_Task directions_
The lines in the listing below are to be given again exactly, starting at the line holding "第24回中部日本個人・重奏コンテスト、クラリネット独奏で金賞を受賞 2026.01.27 長高生の日常" and ending at the line holding "Seek & Find Playsilks". Do not include pictures.

_Data for analysis_
______

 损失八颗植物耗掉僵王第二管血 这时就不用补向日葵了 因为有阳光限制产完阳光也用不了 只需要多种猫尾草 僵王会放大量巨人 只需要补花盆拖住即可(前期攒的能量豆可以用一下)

______

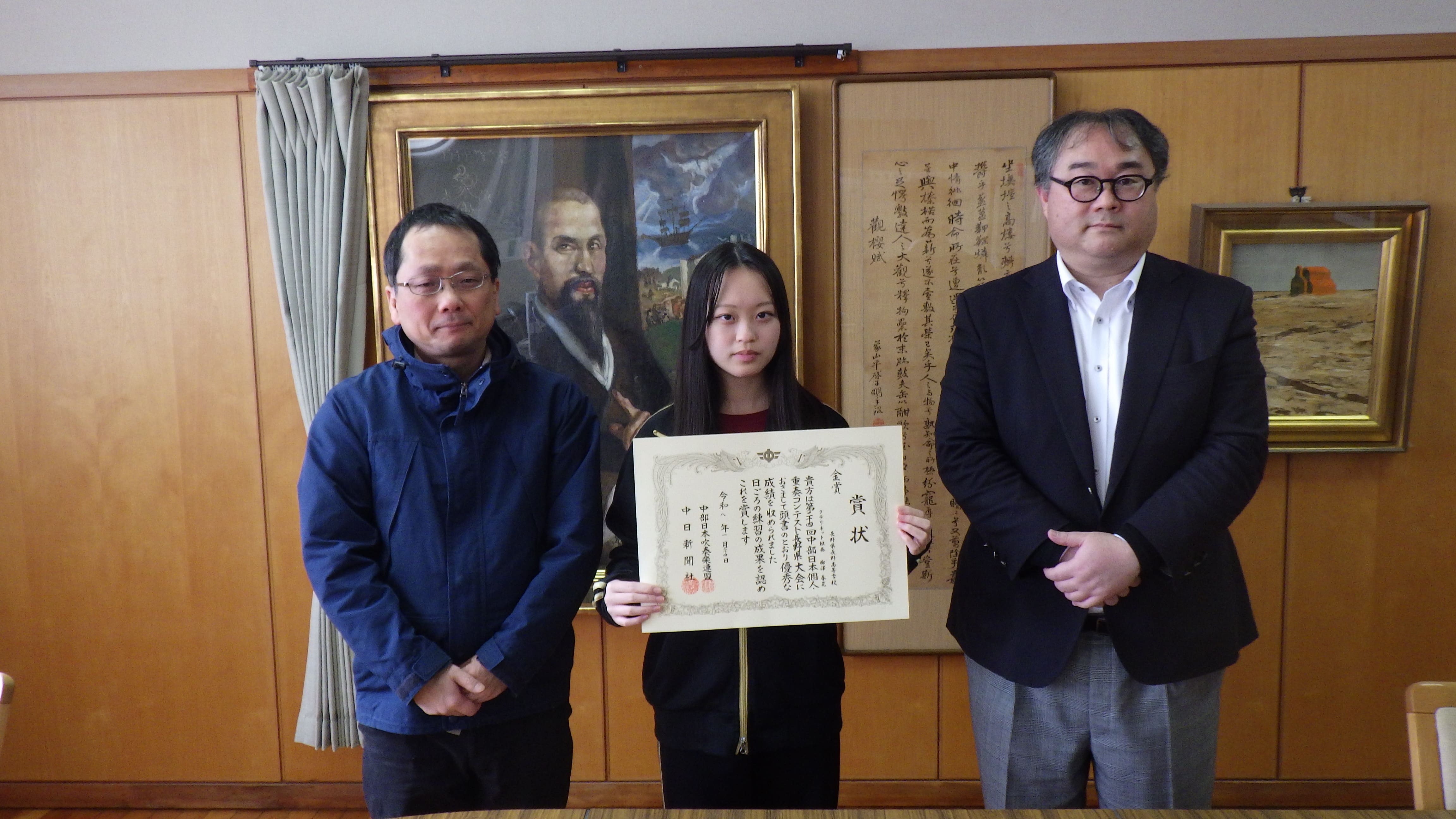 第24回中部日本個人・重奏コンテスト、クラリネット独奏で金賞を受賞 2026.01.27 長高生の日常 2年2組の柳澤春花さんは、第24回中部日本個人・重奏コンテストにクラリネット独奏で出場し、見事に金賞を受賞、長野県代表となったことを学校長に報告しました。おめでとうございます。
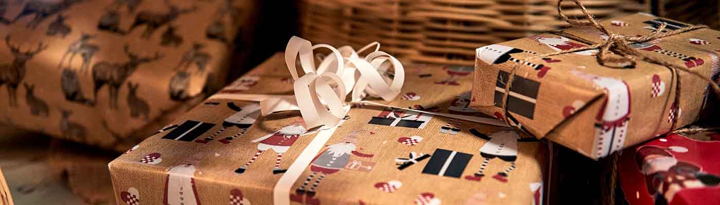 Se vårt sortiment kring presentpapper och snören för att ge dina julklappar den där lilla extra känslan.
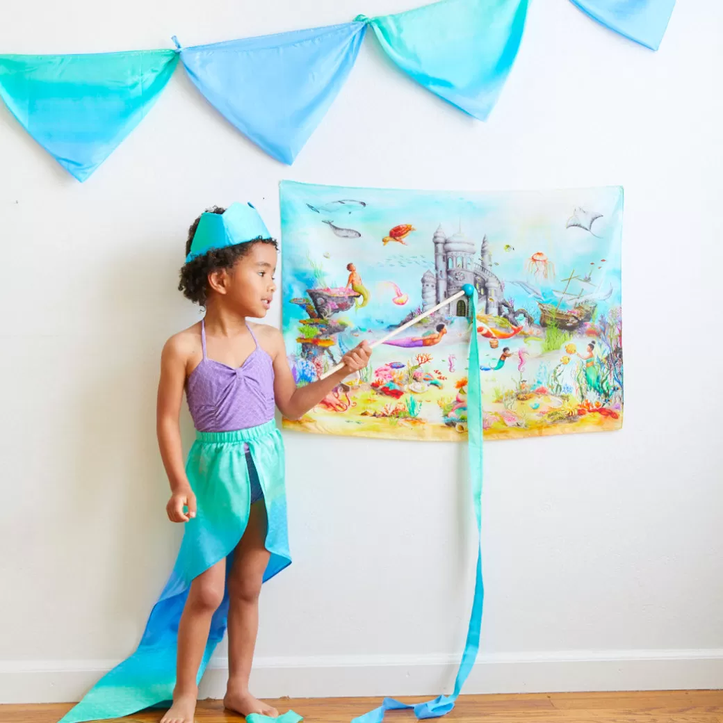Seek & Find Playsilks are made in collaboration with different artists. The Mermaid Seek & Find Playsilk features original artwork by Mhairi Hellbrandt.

______

_Solution below_
 第24回中部日本個人・重奏コンテスト、クラリネット独奏で金賞を受賞 2026.01.27 長高生の日常 2年2組の柳澤春花さんは、第24回中部日本個人・重奏コンテストにクラリネット独奏で出場し、見事に金賞を受賞、長野県代表となったことを学校長に報告しました。おめでとうございます。
 Se vårt sortiment kring presentpapper och snören för att ge dina julklappar den där lilla extra känslan.
Seek & Find Playsilks are made in collaboration with different artists. The Mermaid Seek & Find Playsilk features original artwork by Mhairi Hellbrandt.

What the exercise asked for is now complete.